§ Source data:
┌──

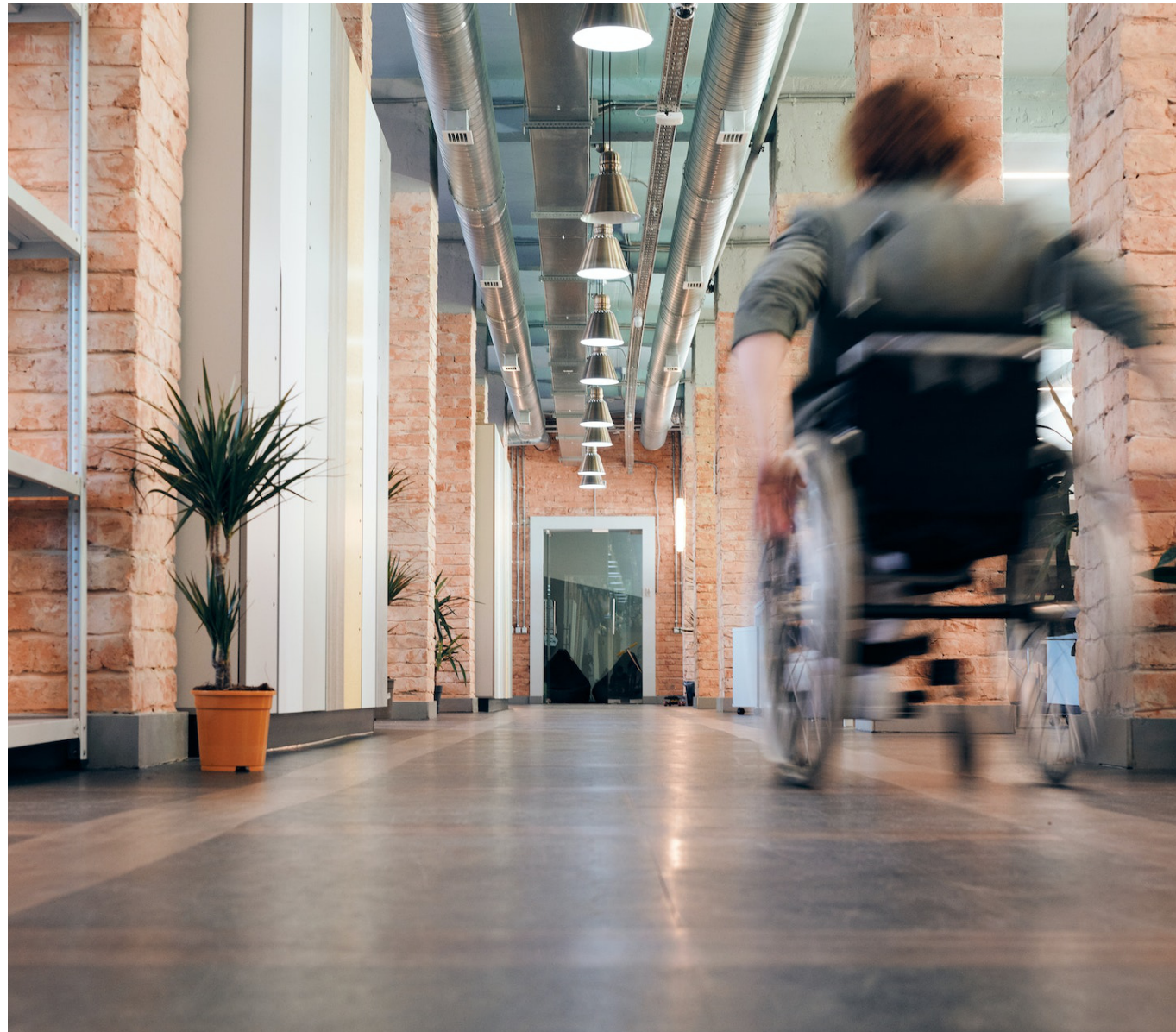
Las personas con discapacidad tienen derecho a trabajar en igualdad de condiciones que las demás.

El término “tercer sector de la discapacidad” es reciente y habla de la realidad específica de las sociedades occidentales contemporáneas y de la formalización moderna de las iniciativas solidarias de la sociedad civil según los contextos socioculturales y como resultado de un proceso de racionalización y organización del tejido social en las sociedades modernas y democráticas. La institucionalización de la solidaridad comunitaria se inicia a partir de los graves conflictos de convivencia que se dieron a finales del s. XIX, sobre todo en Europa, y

└──
┌──

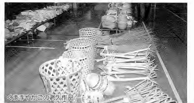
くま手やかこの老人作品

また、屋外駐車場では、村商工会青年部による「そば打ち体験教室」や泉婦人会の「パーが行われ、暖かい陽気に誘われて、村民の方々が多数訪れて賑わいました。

└──

§ Problem details: Look through the entries above and list every line containing "discapacidad".

§ Exercise result:
Las personas con discapacidad tienen derecho a trabajar en igualdad de condiciones que las demás.
El término “tercer sector de la discapacidad” es reciente y habla de la realidad específica de las sociedades occidentales contemporáneas y de la formalización moderna de las iniciativas solidarias de la sociedad civil según los contextos socioculturales y como resultado de un proceso de racionalización y organización del tejido social en las sociedades modernas y democráticas. La institucionalización de la solidaridad comunitaria se inicia a partir de los graves conflictos de convivencia que se dieron a finales del s. XIX, sobre todo en Europa, y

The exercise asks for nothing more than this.